Top of Dataset records

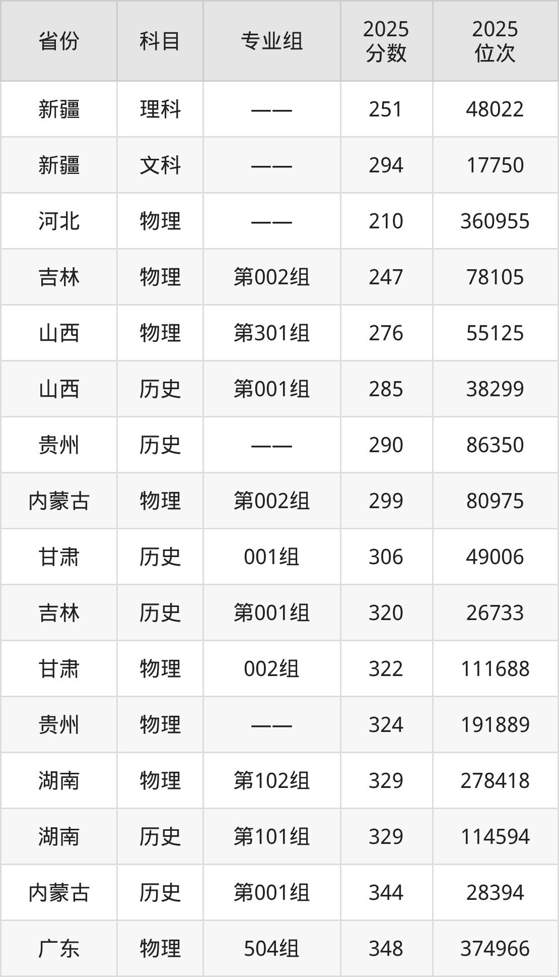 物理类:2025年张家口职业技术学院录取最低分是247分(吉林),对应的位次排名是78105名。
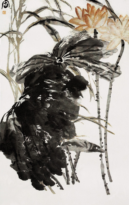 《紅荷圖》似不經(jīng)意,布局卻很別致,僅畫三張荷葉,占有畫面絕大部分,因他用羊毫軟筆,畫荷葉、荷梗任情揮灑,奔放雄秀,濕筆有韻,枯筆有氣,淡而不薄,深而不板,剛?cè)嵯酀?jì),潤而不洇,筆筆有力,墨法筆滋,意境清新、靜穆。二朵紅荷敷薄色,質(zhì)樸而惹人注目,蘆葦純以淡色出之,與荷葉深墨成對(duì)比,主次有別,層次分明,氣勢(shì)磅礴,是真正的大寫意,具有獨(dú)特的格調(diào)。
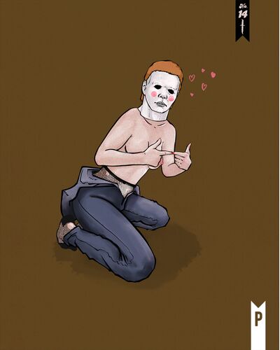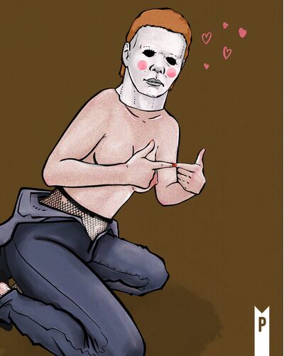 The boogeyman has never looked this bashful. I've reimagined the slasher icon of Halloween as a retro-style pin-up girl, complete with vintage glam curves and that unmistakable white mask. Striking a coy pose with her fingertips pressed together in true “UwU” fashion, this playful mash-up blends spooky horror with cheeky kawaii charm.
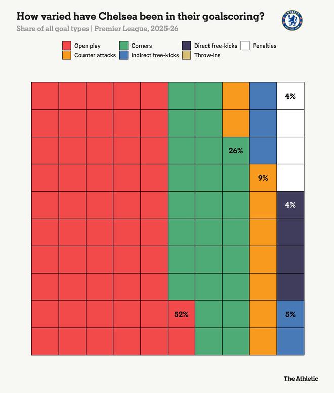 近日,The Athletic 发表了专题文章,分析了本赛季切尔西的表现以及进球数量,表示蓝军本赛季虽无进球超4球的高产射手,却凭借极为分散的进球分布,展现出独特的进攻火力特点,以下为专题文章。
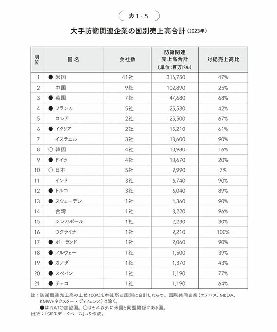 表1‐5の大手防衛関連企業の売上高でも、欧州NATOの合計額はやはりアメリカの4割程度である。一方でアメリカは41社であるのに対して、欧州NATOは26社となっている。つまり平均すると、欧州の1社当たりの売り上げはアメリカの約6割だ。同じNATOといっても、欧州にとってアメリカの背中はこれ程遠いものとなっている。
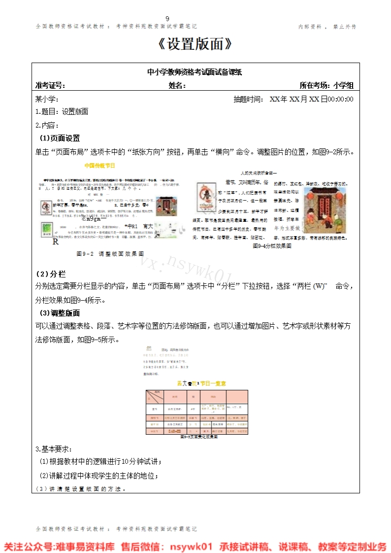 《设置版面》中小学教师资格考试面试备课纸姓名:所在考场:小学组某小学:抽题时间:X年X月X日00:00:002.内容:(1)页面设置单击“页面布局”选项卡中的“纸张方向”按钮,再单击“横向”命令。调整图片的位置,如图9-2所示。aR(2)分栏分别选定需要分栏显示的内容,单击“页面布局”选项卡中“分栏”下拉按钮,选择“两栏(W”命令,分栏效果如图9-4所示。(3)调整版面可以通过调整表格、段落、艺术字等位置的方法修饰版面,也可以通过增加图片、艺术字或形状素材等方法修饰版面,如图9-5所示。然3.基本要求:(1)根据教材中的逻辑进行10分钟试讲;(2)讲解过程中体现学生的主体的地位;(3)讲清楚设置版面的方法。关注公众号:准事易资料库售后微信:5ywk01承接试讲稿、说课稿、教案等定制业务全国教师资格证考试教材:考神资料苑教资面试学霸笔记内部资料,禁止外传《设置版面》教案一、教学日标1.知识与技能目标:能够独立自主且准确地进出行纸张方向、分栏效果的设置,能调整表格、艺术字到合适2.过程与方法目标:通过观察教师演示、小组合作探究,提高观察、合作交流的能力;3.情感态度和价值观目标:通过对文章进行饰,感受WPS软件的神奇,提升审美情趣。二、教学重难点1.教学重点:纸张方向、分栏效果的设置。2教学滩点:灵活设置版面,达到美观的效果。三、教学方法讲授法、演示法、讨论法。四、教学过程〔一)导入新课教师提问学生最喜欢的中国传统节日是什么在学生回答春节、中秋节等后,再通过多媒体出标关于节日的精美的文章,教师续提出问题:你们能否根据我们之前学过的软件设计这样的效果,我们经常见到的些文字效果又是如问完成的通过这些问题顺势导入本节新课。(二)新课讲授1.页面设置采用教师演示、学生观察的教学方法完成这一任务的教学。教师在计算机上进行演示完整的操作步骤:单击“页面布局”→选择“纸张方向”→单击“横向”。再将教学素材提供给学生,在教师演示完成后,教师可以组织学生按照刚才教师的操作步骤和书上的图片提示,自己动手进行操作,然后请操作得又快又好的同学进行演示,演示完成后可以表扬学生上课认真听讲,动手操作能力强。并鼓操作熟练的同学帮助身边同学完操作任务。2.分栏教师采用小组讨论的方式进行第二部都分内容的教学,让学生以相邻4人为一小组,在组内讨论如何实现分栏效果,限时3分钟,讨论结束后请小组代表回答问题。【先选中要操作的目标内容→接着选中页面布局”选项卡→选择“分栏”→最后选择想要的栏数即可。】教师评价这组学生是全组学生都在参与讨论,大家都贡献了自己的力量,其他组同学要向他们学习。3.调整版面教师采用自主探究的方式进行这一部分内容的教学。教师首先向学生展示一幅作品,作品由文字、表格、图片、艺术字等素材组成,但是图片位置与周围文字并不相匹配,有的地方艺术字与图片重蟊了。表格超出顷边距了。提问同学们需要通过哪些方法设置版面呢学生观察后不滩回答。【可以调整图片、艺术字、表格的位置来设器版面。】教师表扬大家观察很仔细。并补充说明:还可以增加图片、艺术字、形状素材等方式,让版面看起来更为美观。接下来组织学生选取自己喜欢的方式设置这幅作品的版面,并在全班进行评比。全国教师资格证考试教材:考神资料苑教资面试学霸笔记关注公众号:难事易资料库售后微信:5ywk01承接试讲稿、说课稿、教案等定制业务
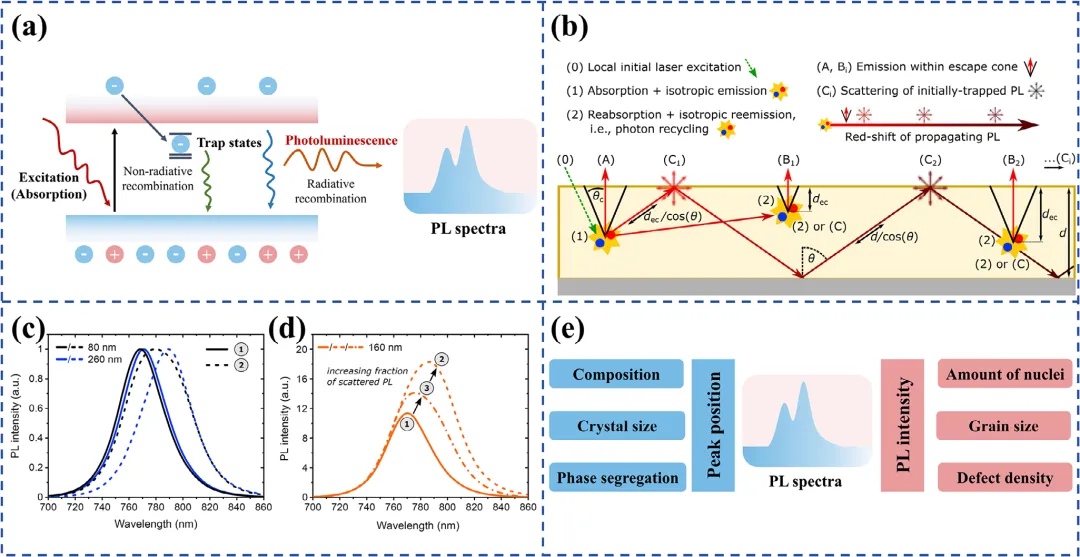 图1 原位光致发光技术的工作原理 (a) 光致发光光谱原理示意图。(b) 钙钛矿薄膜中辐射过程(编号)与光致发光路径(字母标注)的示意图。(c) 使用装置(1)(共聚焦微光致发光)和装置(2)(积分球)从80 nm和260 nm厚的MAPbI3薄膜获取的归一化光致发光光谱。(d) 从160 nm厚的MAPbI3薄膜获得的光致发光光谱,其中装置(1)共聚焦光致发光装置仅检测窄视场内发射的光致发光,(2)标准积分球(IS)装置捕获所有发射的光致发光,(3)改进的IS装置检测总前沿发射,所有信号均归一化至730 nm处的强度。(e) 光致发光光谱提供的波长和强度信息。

Bottom of Dataset records

* _What needs to be done_
Take the records above from their first line through the line with "表1‐5の大手防衛関連企業の" and set those lines down word for word, minus the pictures.

* _Output for this task_
 物理类:2025年张家口职业技术学院录取最低分是247分(吉林),对应的位次排名是78105名。
 《紅荷圖》似不經(jīng)意,布局卻很別致,僅畫三張荷葉,占有畫面絕大部分,因他用羊毫軟筆,畫荷葉、荷梗任情揮灑,奔放雄秀,濕筆有韻,枯筆有氣,淡而不薄,深而不板,剛?cè)嵯酀?jì),潤而不洇,筆筆有力,墨法筆滋,意境清新、靜穆。二朵紅荷敷薄色,質(zhì)樸而惹人注目,蘆葦純以淡色出之,與荷葉深墨成對(duì)比,主次有別,層次分明,氣勢(shì)磅礴,是真正的大寫意,具有獨(dú)特的格調(diào)。
 The boogeyman has never looked this bashful. I've reimagined the slasher icon of Halloween as a retro-style pin-up girl, complete with vintage glam curves and that unmistakable white mask. Striking a coy pose with her fingertips pressed together in true “UwU” fashion, this playful mash-up blends spooky horror with cheeky kawaii charm.
 近日,The Athletic 发表了专题文章,分析了本赛季切尔西的表现以及进球数量,表示蓝军本赛季虽无进球超4球的高产射手,却凭借极为分散的进球分布,展现出独特的进攻火力特点,以下为专题文章。
 表1‐5の大手防衛関連企業の売上高でも、欧州NATOの合計額はやはりアメリカの4割程度である。一方でアメリカは41社であるのに対して、欧州NATOは26社となっている。つまり平均すると、欧州の1社当たりの売り上げはアメリカの約6割だ。同じNATOといっても、欧州にとってアメリカの背中はこれ程遠いものとなっている。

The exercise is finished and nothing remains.